Import modules

In [6]:
import numpy as np
import pandas as pd
from scipy.spatial.distance import cosine, braycurtis, canberra, cityblock, chebyshev, minkowski
from sklearn.linear_model import LogisticRegression

Import train / val as vectors

In [3]:
train = pd.read_csv('../data/train_features_scaled_standard.csv', index_col=0)
val = pd.read_csv('../data/validation_features_scaled_standard.csv', index_col=0)

In [33]:
train_minmax = pd.read_csv('../data/train_features_scaled_minmax.csv', index_col=0)
val_minmax = pd.read_csv('../data/validation_features_scaled_minmax.csv', index_col=0)

In [4]:
number_of_features = int((train.shape[1] - 1) / 2)
assert number_of_features == 938

In [5]:
features = pd.read_csv('../data/features/prunned_RF_scores.csv', index_col=0)
assert features.shape[0] == 938

Define similarity/distance measures

In [7]:
def minmax(a, b):
    return sum(np.minimum(a, b)) / sum(np.maximum(a, b))

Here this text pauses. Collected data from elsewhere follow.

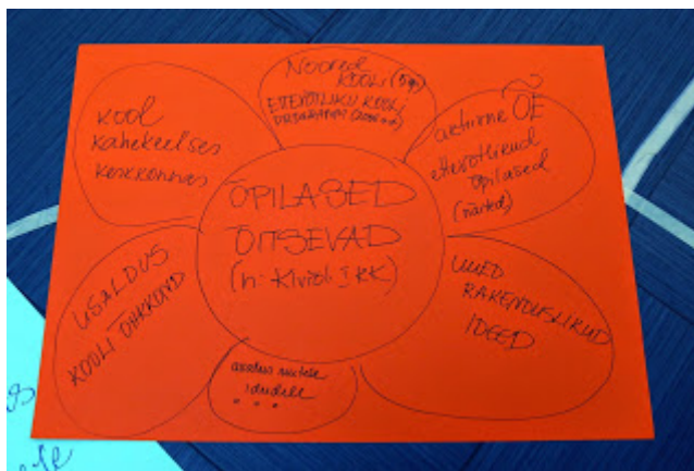
Kiviõli I Keskkooli edulugu.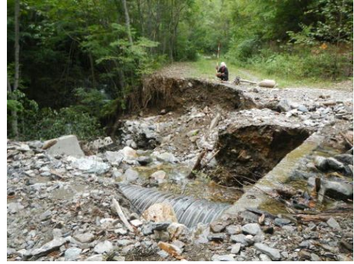
大堀内林道(路体流出)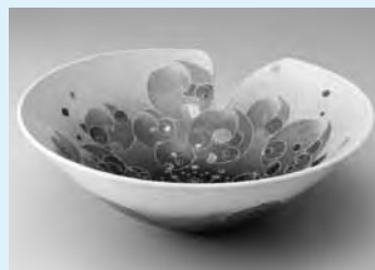
△十四代今泉今右衛門「色絵薄墨墨はじき海芋文鉢」(2010年)

def similarities(vectors, features):
    a = [vectors['A_{}'.format(i)] for i in features]
    b = [vectors['B_{}'.format(i)] for i in features]
    
    return (minmax(a,b),
            cosine(a, b),
            braycurtis(a, b),
            canberra(a, b),
            cityblock(a, b))

## all similarity measures, all features, no weights, standard scaling

In [9]:
best_features = features.index
similarity_measures = ['minmax_similarity', 'cosine_distance', 'braycurtis_distance',
                               'canberra_distance', 'cityblock_distance']

# computing train similarity measures
train_similarities = train.apply(lambda vectors: similarities(vectors, best_features), axis=1).apply(pd.Series)
train_similarities.columns = similarity_measures
train_similarities['different_author'] = train['different_author']

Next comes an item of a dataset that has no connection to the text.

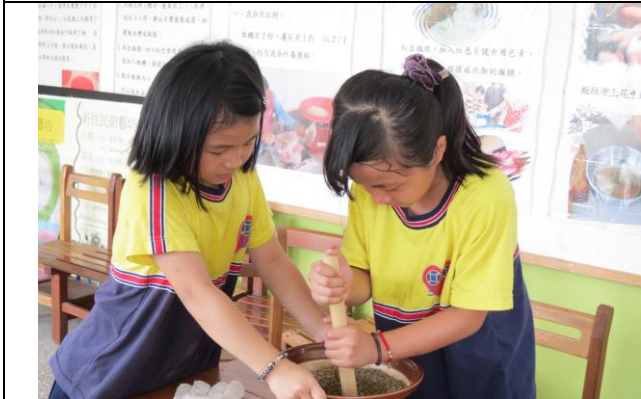
說明：我幫你握緊擂鉢，比較好擂

# computing val similarity measures
val_similarities = val.apply(lambda vectors: similarities(vectors, best_features), axis=1).apply(pd.Series)
val_similarities.columns = similarity_measures
val_similarities['different_author'] = val['different_author']

In [10]:
train_similarities.head()

Unnamed: 0,minmax_similarity,cosine_distance,braycurtis_distance,canberra_distance,cityblock_distance,different_author
0,-1.055474,0.912823,0.71696,398.480153,605.604589,True
1,-1.053584,0.916162,0.721877,400.251424,608.193625,True
2,-1.205837,0.937646,0.647488,289.809889,619.982495,True
3,-1.049284,0.763965,0.597759,326.068801,566.108841,False
4,-0.71436,0.733612,0.650287,393.313379,560.358946,False


In [11]:
t_x = train_similarities[similarity_measures]
t_y = train_similarities['different_author']
v_x = val_similarities[similarity_measures]
v_y = val_similarities['different_author']

In [12]:
model = LogisticRegression()
model.fit(t_x, t_y)

print('train accuracy: ', (model.predict(t_x) == t_y).mean())
print('val accuracy: ', (model.predict(v_x) == v_y).mean())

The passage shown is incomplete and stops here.